Now, as is, the bow is just slightly too short in terms of draw length. I saw this peg (shown in the picture) and I switched the peg from slot 1 to slot 2. The draw length is a lot better on me now. Since I don't have a draw board handy, how much does this affect the letoff and the DL?


----------



## dwagoner (Sep 27, 2007)

thats a stop peg that should change letoff from 65 to 75 i think, but yes on hoyts its for letoff, have them on my katera Z3 cams and my C2 but i take it off on that bow to try it out. should be in your manual or if you dont have one then you can access it thru hoyts website


----------



## Soujyu (Oct 15, 2007)

dwagoner said:


> thats a stop peg that should change letoff from 65 to 75 i think, but yes on hoyts its for letoff, have them on my katera Z3 cams and my C2 but i take it off on that bow to try it out. should be in your manual or if you dont have one then you can access it thru hoyts website


I looked in the manual and for some mysterious reason it is completely silent about this peg. ukey:

Then again, the manual seems to be a bit... spotty on Spiral-X coverage.


----------



## dwagoner (Sep 27, 2007)

oh ok, every hoyt i have its for letoff and there 65 to 75% so im thinking it should be the same for the spirals also. not 100%


----------



## toyrunner (Jun 26, 2006)

I was told the peg is for let-off and the different holes for varying that let-off, somewhere between 50-65% depending upon which hole you install it in (1,2 or 3). I have mine set in the hole farthest to the outside of the cam which should be the 65% hole, but the let-off doesn't seem to be as much as my other bow with C2 cams at 65%. Could just be the draw cycle is much different between the two and it just FEELS like less let-off cause I'm on the wall quicker.


----------



## fastarrows (Feb 10, 2003)

*the way i use the peg*

the stop peg is used only for setting my draw,i put it in the #3 hole + adjust my draw (twist the buss + control )till i'm pulling hard on the peg then i take out the peg + what happens is your draw goes about 1/8 longer (thats why you want to be hard on the peg) + you get a valley.
this takes some time but you mite find it well spent. to do this you have to keep playing with the timing / you want it to have the bus + control cables coming off the flat part off the top cam + the peg on the bottom cam at the same time not hitting at the same time.


----------



## Soujyu (Oct 15, 2007)

Hmm. I may try putting the peg to hole #3 if it gets me less letoff. (I hold better on the target with less letoff.)

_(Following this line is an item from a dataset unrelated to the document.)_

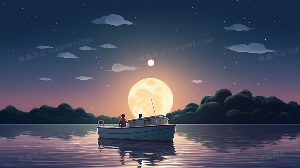本作品内容为圆月夜空下泛舟湖上插画, 格式为 jpg, 大小4 MB, 图片尺寸为2912 x 1632, 源文件无水印, 欢迎使用熊猫办公。 如认为平台内容涉嫌侵权,可通过邮件:tousu@tukuppt.com提出书面通知,我们将及时处理。
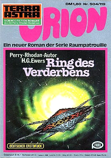 Von September bis Dezember 1966 strahlte die ARD in vierzehntäglichem Abstand die siebenteilige Fernsehserie RAUMPATROUILLE aus. Diese Serie um die Hauptdarsteller Dietmar Schönherr und Eva Pflug wurde von den Bavaria-Studius produziert. Sie spielte in ferner Zukunft und schilderte die Abenteuer des RAUMSCHIFFS ORION und ihrer Besatzung auf dem Patrouillenflug gegen menschliche und außerirdische Angreifer, bis in der letzten Folge sogar eine Invasion der "exoterristischen" Frogs auf die Erde abgewehrt werden musste. Die Serie erwarb bei dem mit Science Fiction-Kost bis dahin nicht gerade verwöhnten deutschen Fernsehpublikum einen legendären Ruf, der bis heute - mehr als 50 Jahre später - nach wie vor anhält.

I figured that the draw length difference is negligible. An extra 1/8" in DL would help a bit, though.


----------



## TMan51 (Jan 25, 2004)

The new spirals, like the old Spirals have a letoff adjustment from 55-65%. It also affects DL slightly, but that can be recovered with cable adjustments.

One thing you'll find is that moving the post may give you some wacky flight as it alters cam timing a bit. This can also be corrected with a turn or two to bus/yoke cables, dfepending on where you are on ATA and DL.

The old Spirals gave me the best of everything at the 65% spot, but then again, I'm not everybody.


----------